1. Halkla İlişkiler ve Dijital Halkla İlişkiler

1.1 Halkla İlişkiler Tanımı

Halkla ilişkilerin tanımına yönelik birçok araştırma ve farklı çevrelerden anlamlandırma çalışmaları bulunmaktadır. Kelime kökünden başlayacak olursak halk kelimesi Fransızca “publique”, İngilizce “public” şeklinde görülmektedir. “Pub” kelimesi halk olarak çevrilmiş olmakla birlikte Türkçede “kamu” anlamında kullanılmaktadır. Kamu, toplum içerisinde bir kesimi işaret etmekte ve kendi içerisinde birden fazla ortak özelliği barındırmaktadır. Türkçede “Halkla ilişkiler” şeklinde adlandırılan bu kavram Fransızcada “relations publiques” ve İngilizcede “public relations” olarak kullanılmaktadır (Karadeniz, 2009).

İletişim bilimciler, halkla ilişkileri “Halka açılan bir pencere” olarak özetlemektedirler.

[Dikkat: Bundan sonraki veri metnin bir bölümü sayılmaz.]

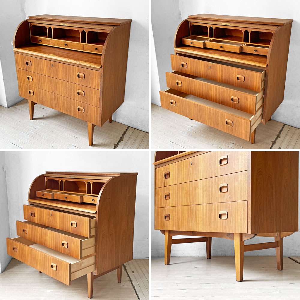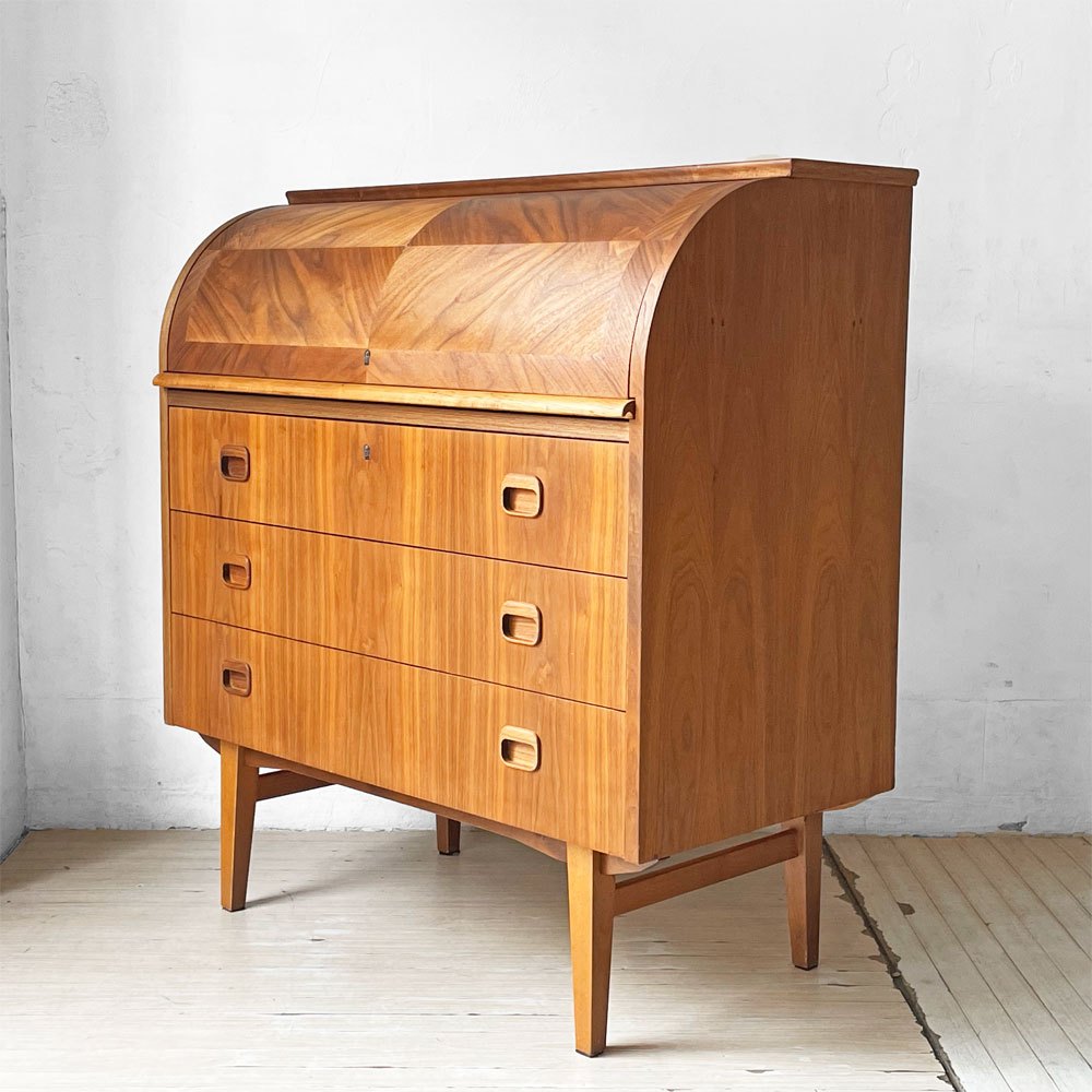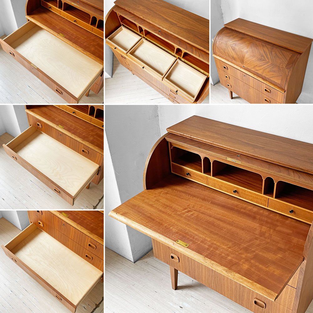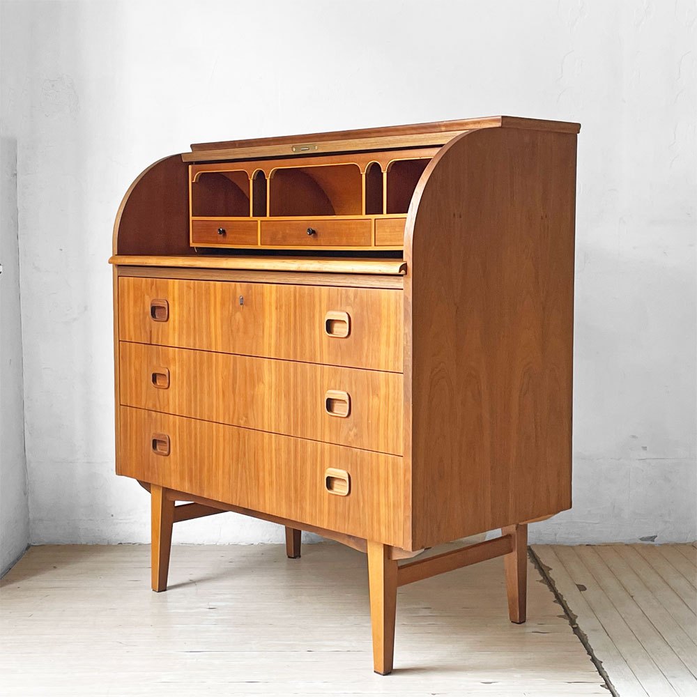 Markaryds Mobelindustri社 ロールトップ ライティングビューロー チーク材 × ビーチ材 Egon Ostergaard 鍵付き スウェーデンビンテージ ★

Halkla ilişkiler uzmanları İngilizce kelimelerine karşılık gelen baş harfleri alarak PR’ı kısaltarak simge olarak kullanmaktadırlar.

Halkla ilişkilerin ilk modern tanımını yapan Edward Bernays’a göre; “organizasyon yönetimi tarafından kamuoyunun ilgisini çekmek için yapılan eylem planlarını oluşturan politikaları, kamuoyu davranışlarını şekillendiren bir yönetim fonksiyonudur” (Yıldırım, 2020).

1970’li yıllarda Rex Harlow tarafından bilinen en kapsamlı halkla ilişkiler tanımı; “organizasyon ile alakalı çevreleri organizasyon arasında çift yönlü iletişimi, mübadeleyi, anlaşmayı, iş birliğini uzun süreli sağlamayı hedefleyen yönetim fonksiyonudur. Bununla birlikte kamuoyundan gelen geri bildirimlerini üst yönetime aktaran, üst yönetiminin kamuya karşı görevlerin ne olduğunun belirlenmesi, çevrede oluşan gelişmelerin üst yönetiminin haberdar edilmesi ve uygulanacak stratejiler, görevler iletişim araçları kullanılarak icra edilir” (Karadeniz, 2020).

Uluslararası Halkla İlişkiler Derneği, iyi niyeti ve anlayışı kavramsal olarak motto olarak merkeze almakta, sürdürülebilirlik kelimesini tanıma dahil etmiş, günümüz iş dünyası anlayışına entegre etmiştir. Amerika Halkla İlişkiler Derneği’nin tanımı ise; halkla ilişkiler çift yönlü ortak payda oluşturan stratejik iletişim faaliyet süreci şeklindedir (Büyükdoğan, 2019).

Özetle halkla ilişkiler; bir markanın, kurumun, organizasyonun çift yönlü iletişim ve anlayışa dayalı hedef kitlesi ile arasında iyi ilişkiler kurma, bağ kurma ve geliştirme süreci olarak tanımlanabilir. Bu süreç başta iletişim bilimleri, sosyoloji, siyaset bilimi gibi birden fazla disiplini içeren multidisipliner bir alan olarak görülmektedir.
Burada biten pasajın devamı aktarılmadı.